As to whether Billy Joel: And So It Goes is about his music or his life, the answer is: yes. What Billy Joel: And So It Goes argues is that Joel’s life is his music. His albums — especially the early ones — are mostly autobiographical. Piano Man’s title track is about Joel’s time as a lounge pianist in Los Angeles; Streetlife Serenade’s “The Entertainer,” on the other hand, is about how much Joel resented the popularity of “Piano Man.” A song like “You May Be Right” off his album Glass Houses, which features lyrics like “Even rode my motorcycle in the rain / And you told me not to drive / But I made it home alive” is about … well, when his ex-wife and then-manager Elizabeth Weber Small got mad at him for riding his motorcycle in the rain. It’s never been that deep with Joel’s music, but it’s never had to be. Through extensive archival footage, Lacy and Levin are able to show that Joel has always been one of the country’s best showmen. The music is good, his penchant for melody is undeniable, but what made Joel the artist we think of him as is how he is in front of a live audience. He’s hammy and energetic. Per his former Attila bandmate and longtime friend Jon Small, there’s an inherently corny quality to Joel that makes it hard not to love him.

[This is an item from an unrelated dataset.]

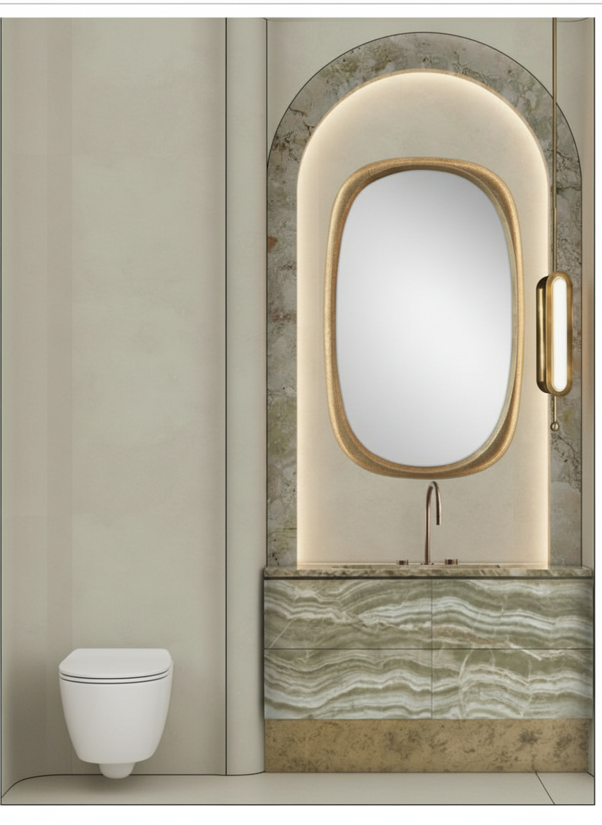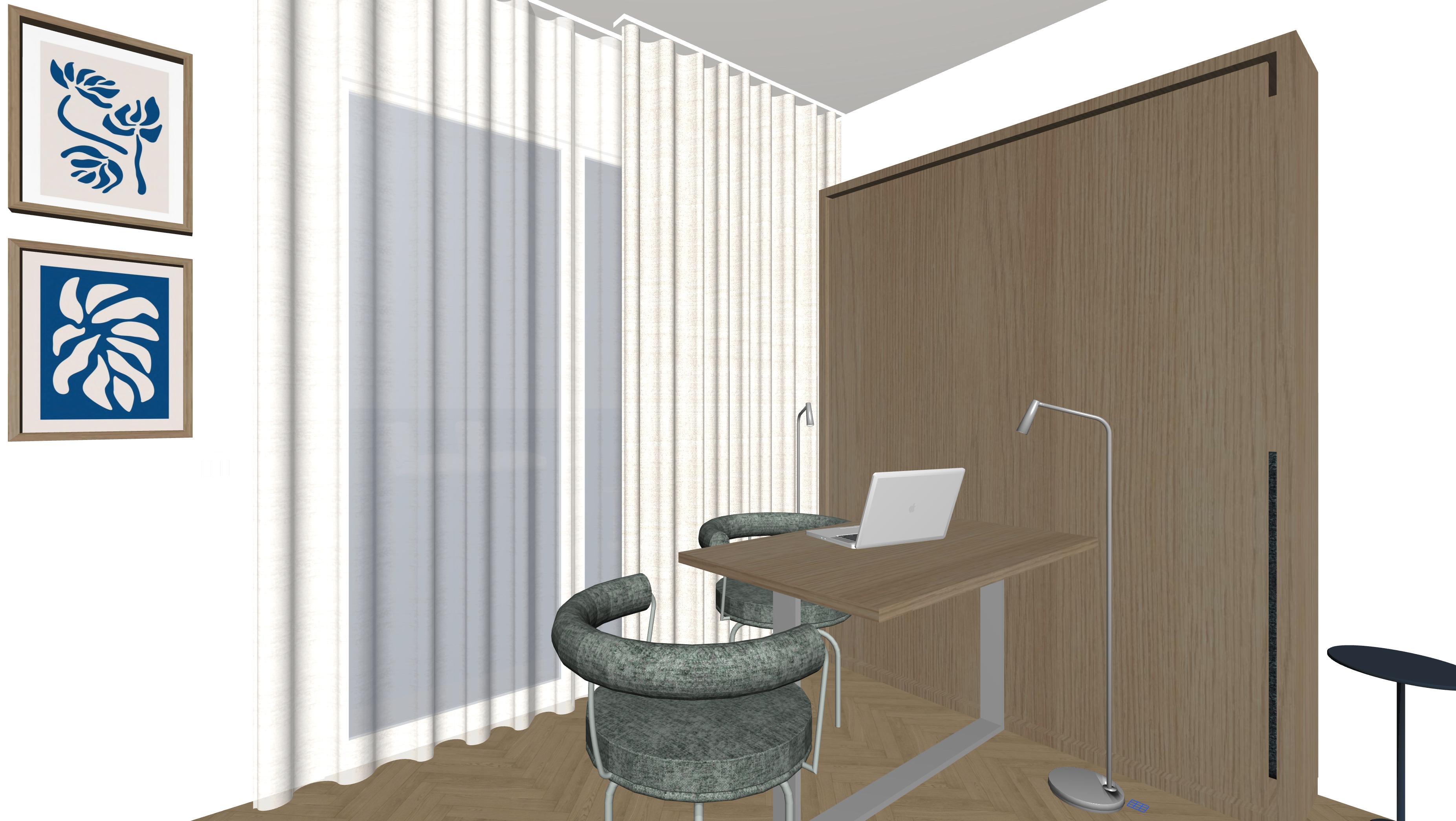 studio con armadio in legno rovere naturale scrivania in rovere e gamba cromata sedie di colore verde salvia scuro tavolino a destra di colore blu scuro le pareti sono bianche di fianco alla scrivania ci sono due lampade da terra cromate accese le tende sono una leggera e una pesante di colore beige chiaro fai entrare un p di luce naturale dalla finestra e metti uno sfondo di chiome di alberi e case visti dall alto metti qualche oggetto di camera studio

I’ve seen Joel twice during his Madison Square Garden residency (including one of his late October shows where he serenaded a skull onstage to celebrate Halloween), and the applause in the audience after each number in Billy Joel: And So It Goes was indistinguishable from seeing him live. People go nuts for Billy Joel in New York. “Piano Man” got applause. Then “She’s Always a Woman” got applause. “New York State of Mind” got what might have tipped into a standing ovation if the documentary ended there. The enthusiasm wasn’t just about the music either — at the introduction of each other of Joel’s bandmates as talking heads in the film, the crowd went crazy. These guys are an extension of all that makes Joel great: his lifelong loyalty to them as emblematic of what’s so meaningful about this type of working-class New York City artist. He stayed true to his Long Island roots no matter what the label or a producer said. Corny as he is, Joel is consistent in who he is and what he stands for. People applauded when Joel won Grammys in the film. The excitement in the room never wavered. It was as if the audience thought if they were loud enough, Joel might be able to hear them in real life.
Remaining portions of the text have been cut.